WHEN revolutions exploded across Europe in early 1848, Metternich, the conservative foreign minister of Austria, is reputed to have said: ‘We had planned for everything except for a liberal pope.’ He resigned and by late April was in exile at 42 Brunswick Terrace, Brighton.
Those brave souls currently holding the line against our woke revolution might echo Metternich by observing: ‘We have planned for everything except for a woke headmaster of Eton College.’
A Daily Telegraph ‘exclusive’ has reported: ‘Eton College has dismissed one of its masters amid a free speech row prompted by a lecture which questioned “current radical feminist orthodoxy”.’
An un-transmitted video lecture by English teacher Will Knowland has, it seems, triggered his sacking after nine years at the school.
Entitled ‘The Patriarchy Paradox’, the lecture was intended to encourage critical debate about issues in the news. It was to be part of a course on ‘Perspectives’ for older pupils. The teacher uploaded the lecture to the school’s intranet as part of the school’s online learning programme, but permission has not been granted for it to be shown.
The issue addressed was ‘radical feminist orthodoxy’. Schools have a legal obligation to promote so-called ‘British Values’ including a balanced curriculum. According to the teacher he was endeavouring to meet this obligation by balancing the notion that masculinity is ‘fundamentally toxic’.
The headmaster was, evidently, not amused. He felt ‘that some of the ideas put forward in my lecture – such as the view that men and women differ psychologically and not all of those differences are socially constructed – were too dangerous for the boys to be exposed to’. Knowland was perceived as a counter-revolutionary before being awarded the Order of the Boot.
He has a wife and five children to support and now faces the prospect of being made homeless. An appeal will be made, of course, and, if necessary, he can take the school to an employment tribunal. The road ahead, however, looks bleak. Counter-revolutionaries have no place in modern education.

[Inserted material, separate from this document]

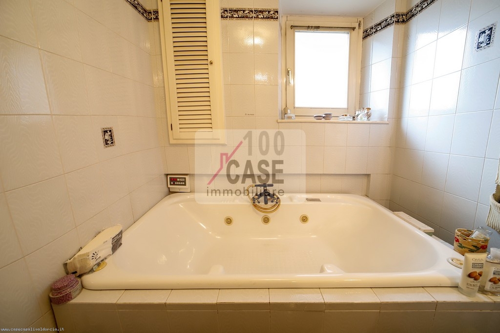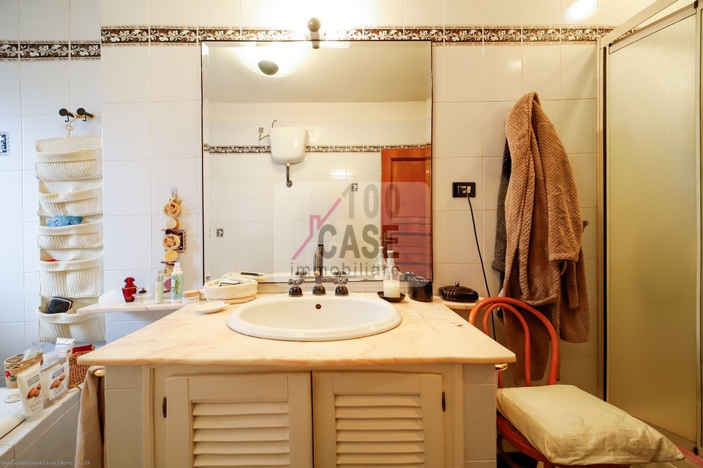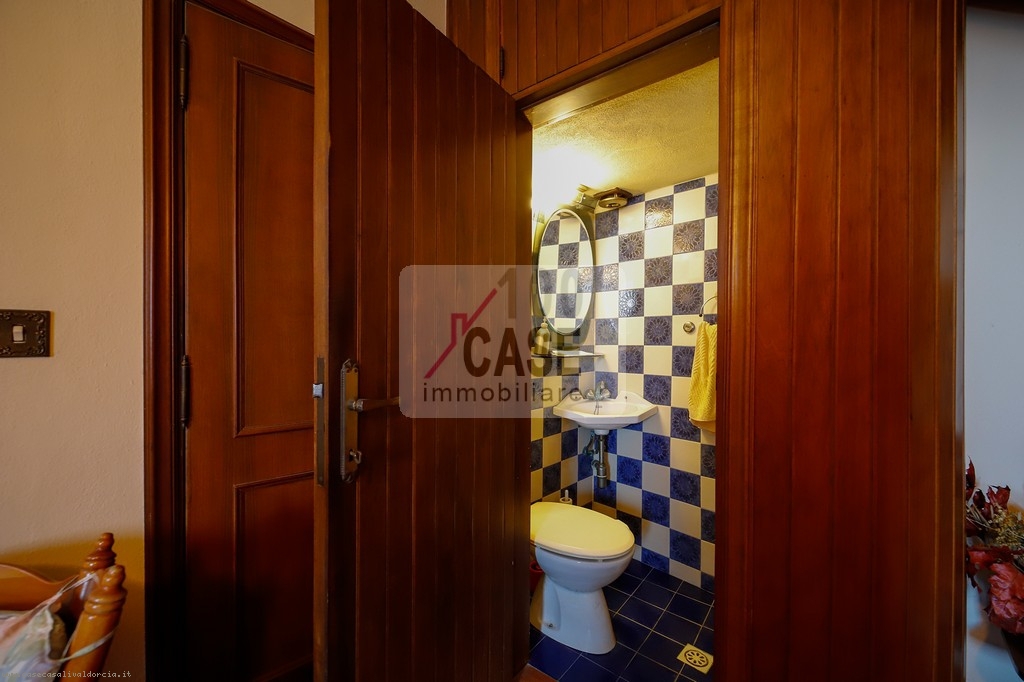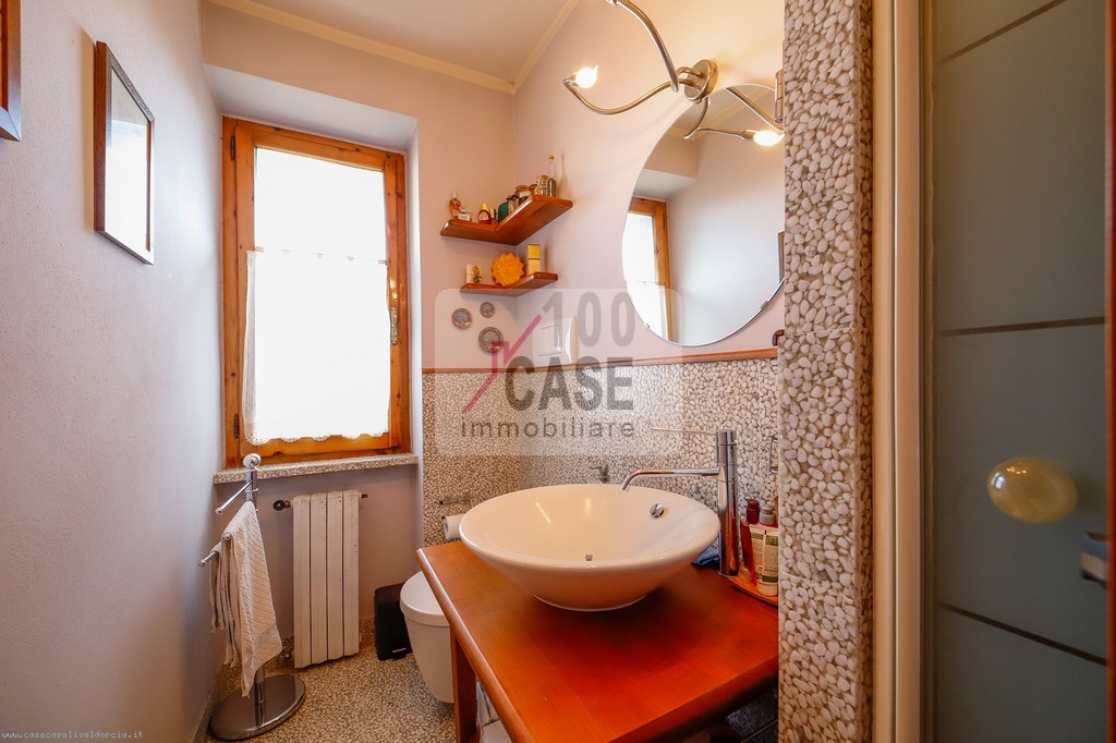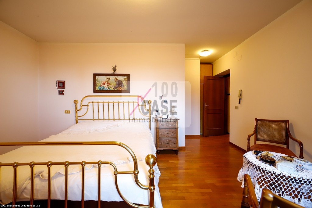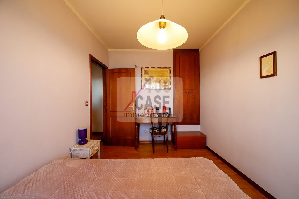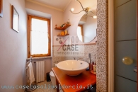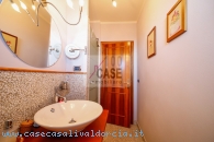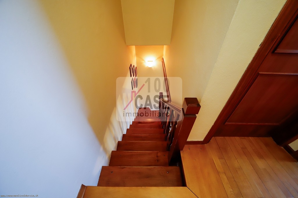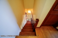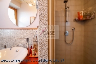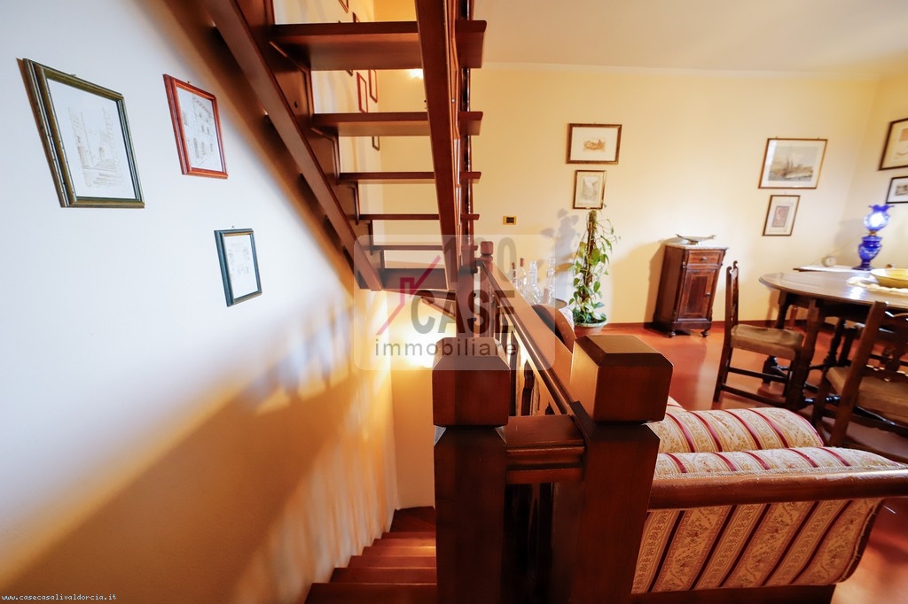 Una scala in legno, dal sapore tradizionale, conduce al piano superiore, dedicato alla zona notte, caratterizzato da un elegante pavimento in parquet. Qui trovano spazio una camera con terrazzino panoramico, un bagno recentemente ristrutturato, un armadio guardaroba lungo il corridoio, uno studio o terza camera, e una camera matrimoniale, accompagnata dal bagno principale con vasca idromassaggio.

And where does the ignominious row leave Eton College, if not in disrepute? Simon Henderson, Eton’s youngest head when he was appointed five years ago at the age of 39, describes himself as a ‘normal sort of guy’; presumably, then, a typical product of an education at Winchester and Oxford. He boasts plenty of liberal credentials and seems proud to recognise that Eton has an ‘intelligence’ deficit.
This latest row offers compelling evidence that he is correct.
Like Metternich, the few anti-woke counter-revolutionaries in the world of education have, indeed, planned for everything, but not for this turn of events. When Eton falls, what is left? Long live the revolution?